(Reuters) - Standard Chartered on Tuesday raised its 2018 crude oil price forecasts by $10 saying that the market has began to acknowledge the importance of OPEC-led production cuts.
The British bank, which revised its forecasts for the first time in almost a year, saw Brent and WTI crude prices averaging $71 a barrel and $68 a barrel respectively this year.
It also raised its 2019 price outlook by $13 with Brent oil seen averaging $75 a barrel and WTI $71.
“OPEC and its non-OPEC partners are now receiving greater acknowledgment for market discipline, views of shale oil economics are no longer the most important price-setting factor, and demand pessimism is significantly reduced,” the bank said.
The Organization of the Petroleum Exporting Countries and non-OPEC producers led by Russia have agreed to cap output by about 1.8 million bpd in a deal running from January last year until the end of 2018.

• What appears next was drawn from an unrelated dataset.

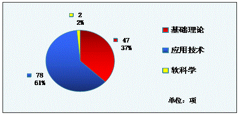 2015年全市共登記科技成果127項(xiàng),其中應(yīng)用技術(shù)類成果仍然高居登記成果的榜首,共78項(xiàng),占成果登記總量的61%,較2013年的比例下降10個(gè)百分點(diǎn);基礎(chǔ)理論類成果47項(xiàng),占成果登記總量的37%,較2013年的比例上升14個(gè)百分點(diǎn);軟科學(xué)類成果2項(xiàng),占成果登記總量的2%。(見圖1)

OPEC oil output fell in March to an 11-month low due to declining Angolan exports, Libyan outages and a further slide in Venezuelan output, a Reuters survey found earlier this month, sending compliance with a supply-cutting deal to another record.
Oil prices were little changed on Tuesday after Brent hit its highest level since November 2014, supported by strong demand, OPEC-led production cuts, and the prospect of renewed U.S. sanctions on Iran. [O/R]
“Should the U.S. waiver on certain sanctions on Iran not be renewed in May, we are likely to roll our forecast back to where it was two years ago, to $75 per barrel,” the bank said.